WASP: Drone Plane Becomes Hackers' Tool
Developers say tiny plane can eavesdrop.
LAS VEGAS, Aug. 8, 2011 — -- The age-old theory in warfare is that the best place to be is the high ground, from which you can see and attack your enemies. Richard Perkins and Mike Tassey decided to apply that idea to cyber warfare as well.
The result was the WASP -- short for Wireless Aerial Surveillance Platform. The two men, who say they both have long experience as computer security consultants for the U.S. government, took an Army-surplus drone airplane and turned it into an airborne hacking platform that they say can infiltrate your Wi-Fi network, intercept your cell phone calls, jam radio signals, even hack websites wirelessly. They say it cost them a grand total of $6,200.
They showed off the WASP at this month's Black Hat computer security conference in Las Vegas, an annual haven for tech mavens talking -- often in programming code -- about cyber attacks they would like to avoid. One way to anticipate what might be coming, many of them figure, is to try inventing what they think the bad guys would.
In other words, said Tassey, "If we thought about it, someone else has and they're just not telling you."
The WASP, about six feet long, was based on a plane the military has routinely used as a training target. They opened up the plane and added a cell phone, tablet computer and a few other pieces of electronics. They wrote software to read signals from ground-based phones and computer networks.
The FAA requires that a plane that size fly no more than 400 feet above the ground, and that it be within sight of whoever is controlling it by radio -- but that was all right with Perkins and Tassey. The WASP would still be high enough not to be noticed by people in an office building below who might be making calls or sending data, including sensitive material. The plane is battery powered and can only stay airborne for an hour, but the men said other versions might easily fly longer.
At last year's conference, another engineer, Chris Paget, had shown how an airborne drone could be used to intercept cell phone calls, literally by pretending to be a flying cell tower. Its signals could fool phones on the ground into relaying calls through it. Once it did that, recording private conversations or data would be just one extra step.

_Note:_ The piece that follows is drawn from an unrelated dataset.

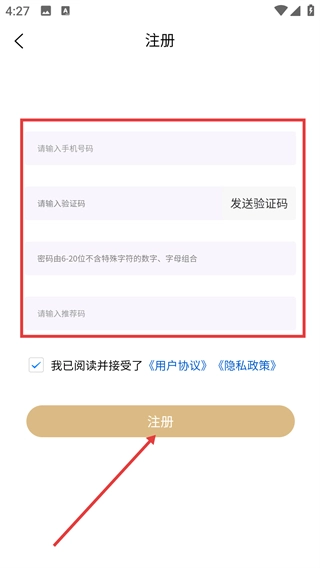 3、进入注册页面后,按顺序填写【请输入号码】【请输入验证码】【密码】等相关信息,勾选协议条款后,点击【注册】按钮即可完成账号的创建。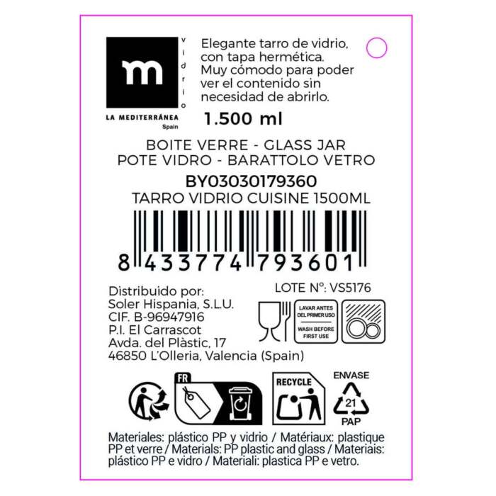 Se sei alla ricerca di novità alla moda sul mercato, ti presentiamo Vaso La Mediterránea CUISINE Trasparente 1,5 L (8 Unità)!

Sound a bit over the top? That's the kind of thing that comes up at the annual Black Hat conferences. There was also a presentation by a computer engineer named Jay Radcliffe -- himself a diabetic -- showing that an insulin pump could be controlled by a less-than-scrupulous hacker. There were sessions on how to defeat antivirus programs, or make the battery in a stranger's laptop overheat.
"Everybody's pushing the technology to do more and more and more, and like any technology that's pushed like that, security is an afterthought," Radcliffe told The Associated Press.
Of course, a hovering drone that picks up cell phone calls could also be used for good. Imagine sending one to an area hit by an earthquake, where power and cellular service have been knocked out, they said. The problem is that cellular service providers already have portable towers that don't need to land for refueling.
So why try all this far-out hacking? Partly, said people at the conference, to warn computer specialists they may be vulnerable in ways they had not imagined. But some of them conceded there was also an element of sport involved, doing something hard as a way to prove it can be done.
"All this requires is dedicated people," said Tassey. "This does not come with morals or ethics."